#### [GOAL OF THE EXERCISE]
Reproduce the lines of the material exactly, excluding every image.

#### [INFORMATION SUPPLIED]
───
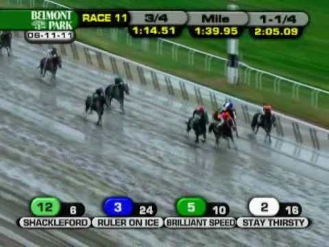 I remember you mentioned that no horse had come back to win from more than 2 or 3 lengths back all day on 2011 Belmont Stakes day. Race favorite Animal Kingdom had a poor start, then started his move, which looked powerful enough to win, but it stalled in the stretch. Ruler on Ice was second behind Shackleford (who we now know doesn't like mud) most of the way. I think the superfecta paid 78K, for a 12 horse race, so mud can turn to gold on certain days.
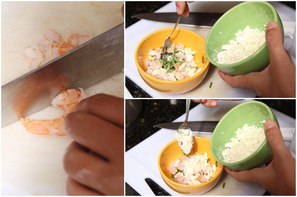 Mezcla para el relleno. Picar los camarones y la espinaca, unir en un tazón junto con el queso feta. Reservar.
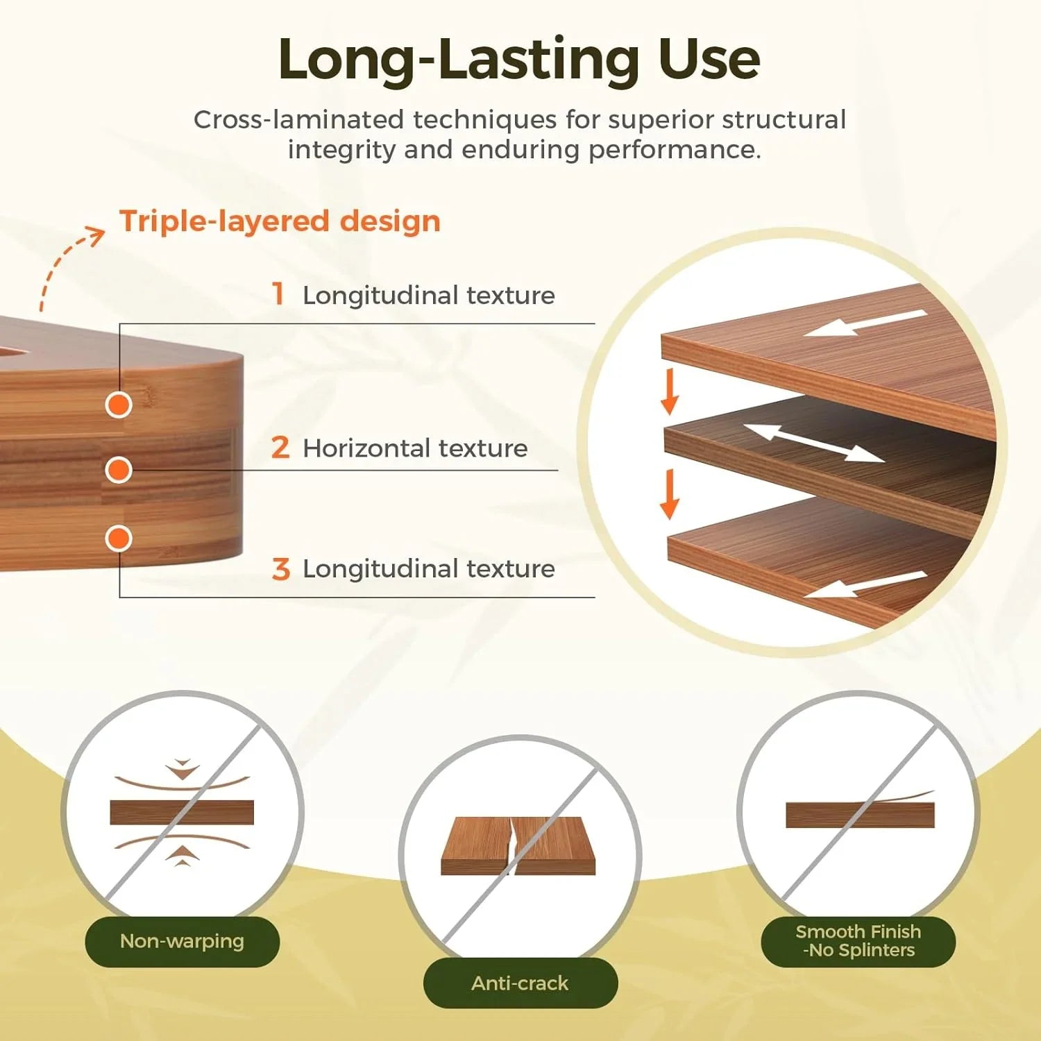 The cross-laminated structure helps prevent warping and cracking, guaranteeing long-lasting usability even with daily wear and tear. Such construction maintains the board's flatness for consistent kitchen work.
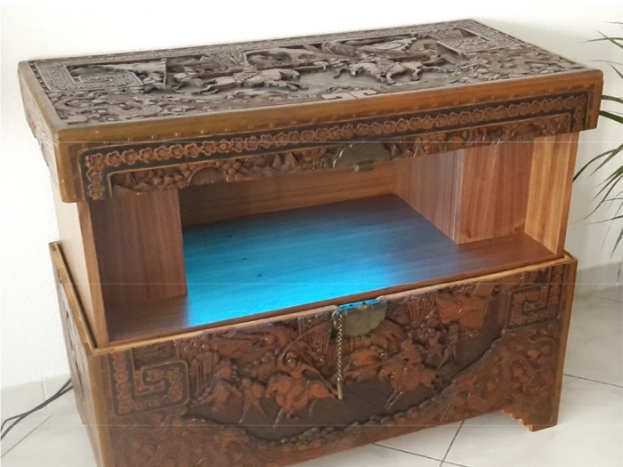 Von dieser Truhe wird kein High Tech erwartet – und dennoch haben wir diese mit einem Motor versehen und daher kann die Truhe auf Knopfdruck geöffnet werden. Somit wird ein rustikales Element mit einer praktischen Funktion aufgewertet.
───
#### [TASK ANSWER]
 I remember you mentioned that no horse had come back to win from more than 2 or 3 lengths back all day on 2011 Belmont Stakes day. Race favorite Animal Kingdom had a poor start, then started his move, which looked powerful enough to win, but it stalled in the stretch. Ruler on Ice was second behind Shackleford (who we now know doesn't like mud) most of the way. I think the superfecta paid 78K, for a 12 horse race, so mud can turn to gold on certain days.
 Mezcla para el relleno. Picar los camarones y la espinaca, unir en un tazón junto con el queso feta. Reservar.
 The cross-laminated structure helps prevent warping and cracking, guaranteeing long-lasting usability even with daily wear and tear. Such construction maintains the board's flatness for consistent kitchen work.
 Von dieser Truhe wird kein High Tech erwartet – und dennoch haben wir diese mit einem Motor versehen und daher kann die Truhe auf Knopfdruck geöffnet werden. Somit wird ein rustikales Element mit einer praktischen Funktion aufgewertet.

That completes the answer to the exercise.